Migrating from rport or openrport¶
ProxiPort is config-format-compatible with upstream rport and openrport. The migration is a stop / replace / restart, not a schema rebuild.
Server¶
- Stop the upstream service.
sudo systemctl stop rportd # or: openrportd - Back up the existing state. The datastore lives in
/var/lib/rport/(or/var/lib/openrport/):sudo tar -czf rport-backup-$(date +%F).tar.gz \ /etc/rport /var/lib/rport - Install ProxiPort server packages. See install.
- Copy the config across.
The option names are the same. Only the file path and the systemd unit name change.
sudo cp /etc/rport/rportd.conf /etc/proxiport/proxiportd.conf - Point ProxiPort at the existing datastore. Edit
/etc/proxiport/proxiportd.confso the[server] data_dirmatches your old/var/lib/rportlocation, or move the directory:sudo mv /var/lib/rport /var/lib/proxiport - Start the service.
Pending schema migrations run automatically on first start.
sudo systemctl enable --now proxiportd sudo journalctl -u proxiportd -n 50
Existing agents reconnect against the same client-auth credentials and the same host-key fingerprint, so the inventory comes back populated without any per-agent touch:
7. Disable the old unit so it does not race ProxiPort on reboot.
sudo systemctl disable rportd
Agents¶
Each agent needs the binary swapped and the config relocated. The control protocol is unchanged — agents register against the same client-auth credentials.
- Stop the upstream agent.
sudo systemctl stop rport # or: openrport - Install the ProxiPort agent package (see install).
- Move the config.
sudo cp /etc/rport/rport.conf /etc/proxiport/proxiport.conf - Re-issue the host-key fingerprint if the server's host key
changed. If you reused the same
key_seedinproxiportd.conf, the fingerprint is unchanged — keepfingerprint = "..."as it was. If the server now has a different key, copy the new fingerprint from/var/log/proxiport/proxiportd.logon first start. - Start.

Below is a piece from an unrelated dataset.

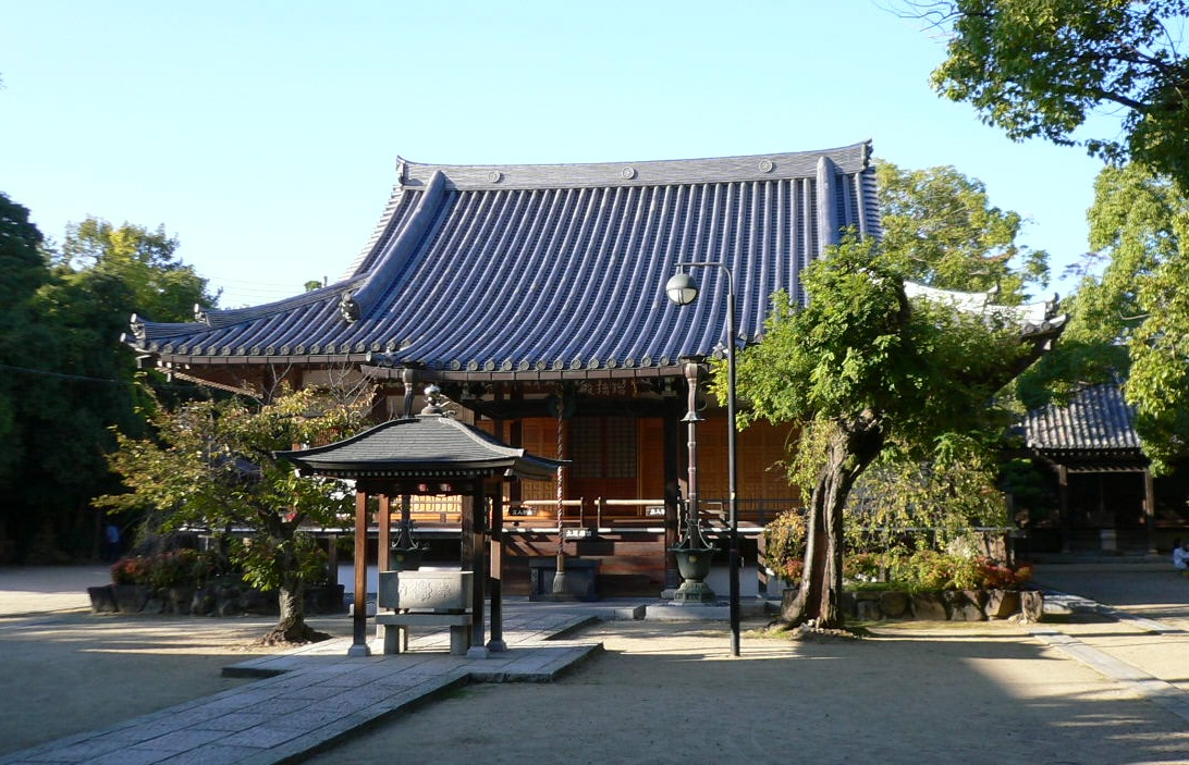 Kon'youji Hondō (Temple in ItamiHyōgo Prefecture, Japan)
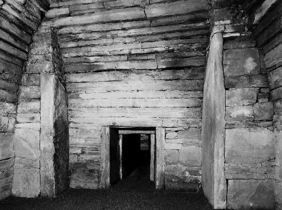 South wall with entrance passage of Maeshowe Chambered Cairn, Orkney

sudo systemctl enable --now proxiport
What is config-compatible¶
[server]block options:address,key_seed,auth_file,data_dir,keep_lost_clients,tunnel_*,used_ports,excluded_ports.[api]block options:address,auth,auth_file,auth_user_table,auth_group_table,jwt_secret,doc_root,cert_file,key_file,access_log_file,user_login_wait,max_failed_login,ban_time,totp_enabled,totp_login_session_ttl,totp_account_name.[logging],[database],[caddy-integration],[monitoring],[notifications],[pushover],[smtp]blocks — same option names as upstream. (There is no separate[client-auth]block — client-authentication options live under[server]:auth,auth_file,auth_table,auth_multiuse_creds,equate_clientauthid_clientid.)- The schedule, command, script, library, audit-log, vault, and user-auth tables — same schema, no migration needed.
What is intentionally not migrated¶
- Anything
plus/produced. OAuth/OIDC sessions issued via the upstream Plus plugin will not work after migration. Affected users will need to log in via local password + (optional) TOTP, which is the AGPL-supported path. - Alerting state. The upstream alerting feature was Plus-gated. Alert definitions in the database are ignored. They will start working again when alerting is reimplemented in the open.
- The Vue/Nuxt frontend. Users do not need to migrate anything — the SvelteKit SPA is served by the new server out of the box.
Rollback¶
If the migration fails and you need to roll back:
sudo systemctl stop proxiportd
sudo systemctl enable --now rportd
The datastore is forwards-compatible from openrport, so rolling back in the other direction (after ProxiPort ran migrations on the schema) may not work cleanly. Restore from the backup taken in step 2 above.